Immersion Education is applied in different regions of Europe such as Wales, Catalonia, or the Basque Country, and coexists with other plurilingual education models, predominantly with the Content and Language Integrated Learning (CLIL) methodology. It has been considered as an exemplary model which guarantees full, functional bilingualism, both in the majority and the minority language without segregating students in language terms.

Furthermore, immersion education model enables children to acquire sufficient linguistic competences in the two languages -the dominant and the minority language- which allow them to use the language of their choice after finishing school. If the school system fails to provide students full command of the two languages, that would result in a curtailment of children’s future opportunities and a limitation of their freedom to choose the language in which they wish to communicate as they become adults.

Recently, however, a sharp debate has emerged regarding the application of this model in some European countries, notably in France and Spain. Too often, arguments against the language immersion model are based on purely ideological grounds and use unbiased, partisan, and inaccurate data. All this has contributed to create confusion over the scope and the implications of this model.

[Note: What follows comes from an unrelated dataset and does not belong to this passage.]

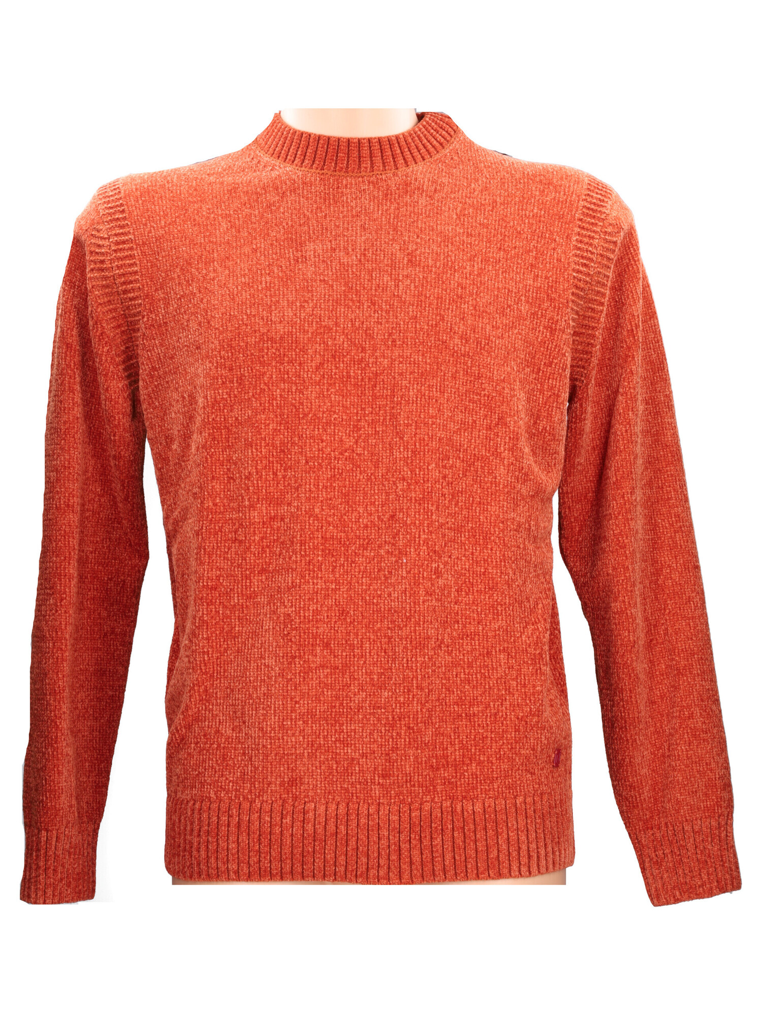 Maglione Liu Jo da uomo in ciniglia arancione con taglio girocollo, maniche lunghe, bordi a costine e logo al fondo.

In this Campus, we intend to shed some light on this debate by providing the participants with the necessary data that will certainly be useful for a better account of the language immersion model in education.

Organizer Committee

The Organizer Committee of this year’s edition of the NPLD-Coppieters Campus is composed of Bethan Webb (Government of Wales), Araceli Díaz de Lezana (Government of the Basque Country), Vicent Climent (Government of Catalonia), Fulup Jakez (Breton Language Office), Gabriele Zanello (University of Udine), Beatriu Defior (the Balearic Islands) and Inaki Irazabalbeitia (Coppieters Foundation).

About the campus

The NPLD-Coppieters Campus is a biennial event jointly organised by the Network to Promote Linguistic Diversity and the Coppieters Foundation after the summer break.

The NPLD-Coppieters Campus aims to be a meeting place for reflection and exchange of ideas among governments, policy makers, practitioners, researchers and experts from all over Europe working in the field of language policy and planning for Constitutional, Regional and Small-State Languages across Europe.

The Network to Promote Linguistic Diversity (NPLD) is a European wide network whose main goal is to raise awareness at a European level on the vital importance of linguistic diversity. NPLD includes governments both national and regional, universities and associations as its members.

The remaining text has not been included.